This means engaging with bigotry or racism. Blanket condemnations of racism cannot substitute for an understanding of what it stands for. In particular, the Left should separate what in xenophobia and racism expresses a hierarchical view of human beings from what in it contains an aspiration to pride. However abhorrent racism is, it often is a way of organizing in-group boundaries and restoring pride in one’s group. To bridge the cultural chasm between the creative and the working classes, the Left has to abandon its Olympian moral position and reflect on what can restore a sense of pride to the people.
4. Current immigration flows are largely connected to the unequal distribution of wealth worldwide and have to do with the multi-fold strategies which the wealthy nations have used to exploit economically weak nations. A left policy of immigration should not only oppose the ultra-nationalistic reactions, but also expose immigration as the result of the globalization of capitalist processes of production. Immigration will continue to be a deeply divisive issue. If many people experience a dwindling of state resources, if immigration flows increase competition at the bottom and benefit the rich, then the question of how resources should be shared with newcomers should no longer be taboo to the Left. This goes against the internationalism that has been an attribute of the Left since at least the early 20th century. But the internationalism of yore has merged with the cosmopolitan consumer lifestyle of the liberal classes, who share with business elites their knowledge of English, their Frequent Flyer miles, their intense touristic practices and their fluency in different cultures. Instead of disdaining nationalist reactions to immigration, the Left needs to understand them as a plausible response to the uncertainty and insecurity entailed by the competition which cheaper labor represents, by the degradation of work and neighborhoods, by the perception of the devaluation of one’s life world. Nationalism can be endorsed as long as it is inclusive, that is, as Yascha Mounk put it, devoid of racism and xenophobia, and able to inquire directly how borders and immigration should be regulated. It is no longer as easy to identify capitalist exploitation as it was for Engels in 19th century Manchester; its connections to its current victims’ insecurity and tensions are less direct. This is why liberal free-marketers conservatives and far righters can eat their cake and have it too: the free-marketers promote ruthless economic policies which drive down jobs and disempower the workingclasses, but the deep social malaise which their own economic policies entail can be harvested by the far right-wing.

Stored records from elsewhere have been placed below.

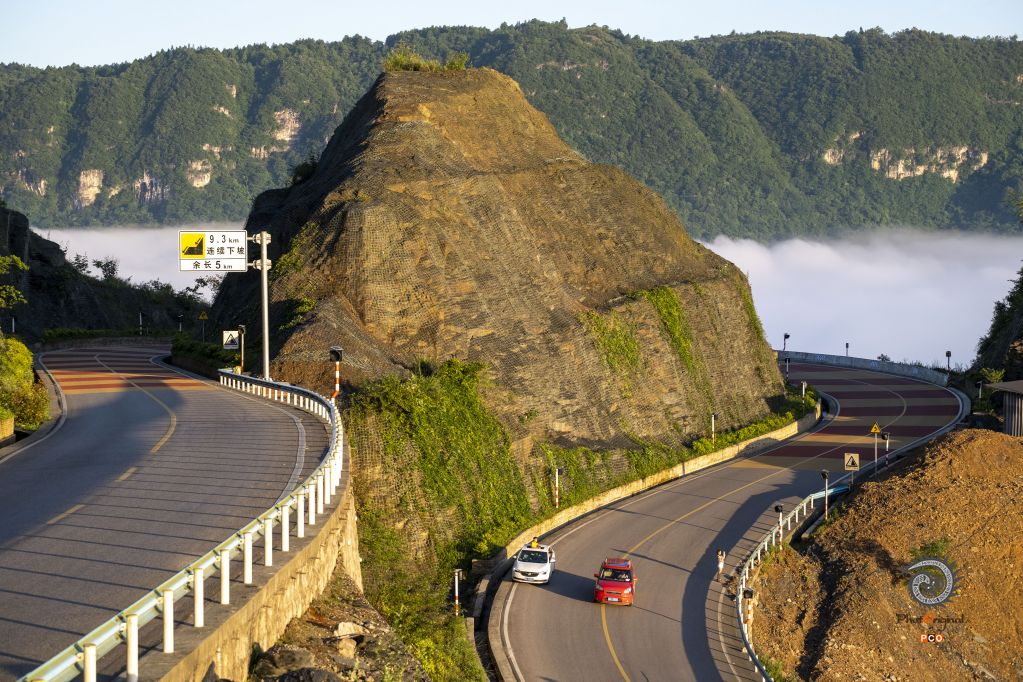 镇远芽溪境内盘山公里大拐弯处,因山高沟深,常年云雾升腾,拐弯处酷似宝瓶,早晨阳光照在彩色路面上,别有一番景象。
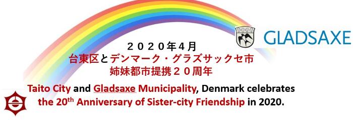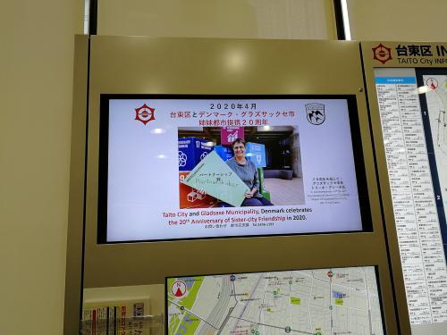 台東区とグラズサックセ市の姉妹都市提携20周年を記念して、台東区役所と生涯学習センターに設置された「区政情報モニター」で祝賀放映しています。祝賀放映ではグラズサックセ市長 トリーネ・グレーゼ氏が「パトナーシップ、絆」という意味のデンマーク語≪Partner skaber≫と書かれたボードを掲げています。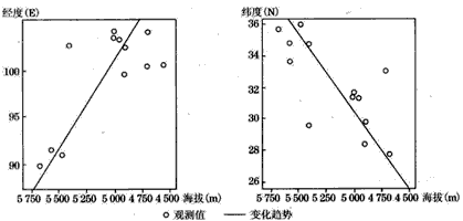 1、单选题 下图表示长江上游地区雪线高度随经向和纬向的变化趋势。据此完成1—2题。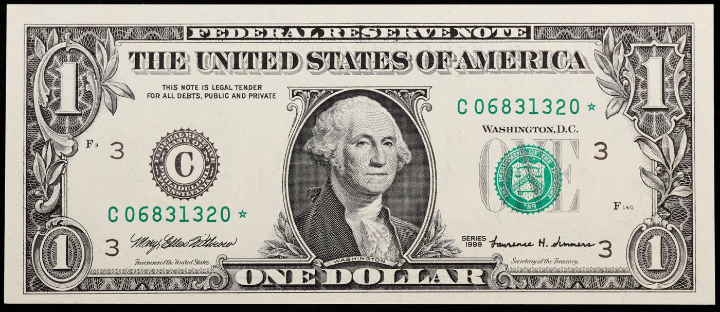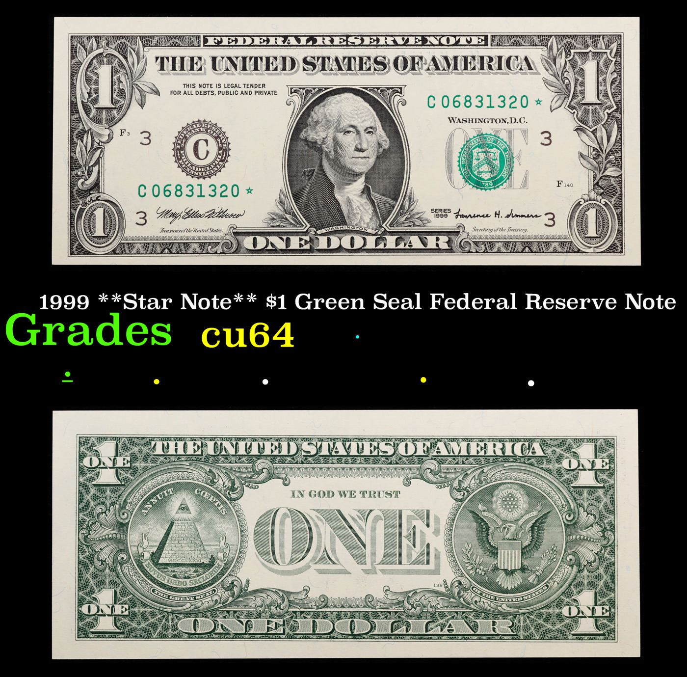 1999 **Star Note** $1 Green Seal Federal Reserve Note Grades Choice CU.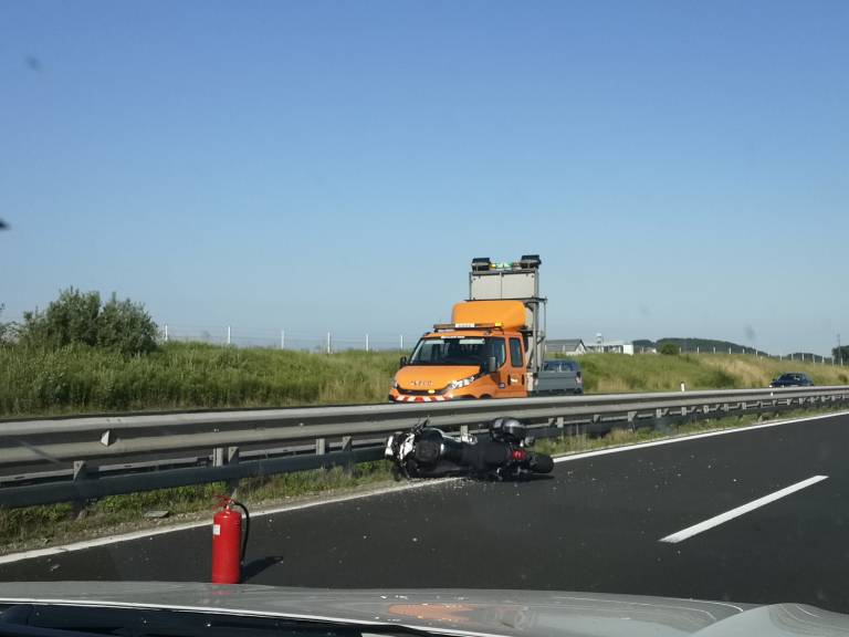 Na pomurski avtocesti je iz smeri Maribora proti Murski Soboti, po počivališču Lomarje, prišlo do prometne nesreče, v kateri sta udeležena motorno kolo in tovorno vozilo.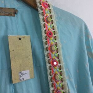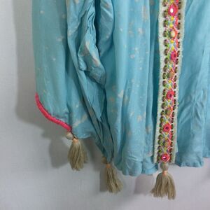 Skemo Boho Chic Cover Up Open Kimono Sleeve Embroidered Beaded Tassels M NWT

The antidote to right-wing populism might thus be left-wing populism—not as a long-term strategy, but as a short-term response to the current crisis of democracy. This left-wing populism would expose the true enemies of the people—the class of experts and corporate power that have disempowered democratic forms of participation—and function as a mode of political recruitment that addresses ordinary people’s daily struggles. Finally, it would use intelligence rather than morality in politics: preferring to understand what motivates popular resentment, fear or hatred rather than responding with moral disgust. It is incumbent on the Left to overcome the moral tribalism that increasingly constitutes the core of contemporary politics.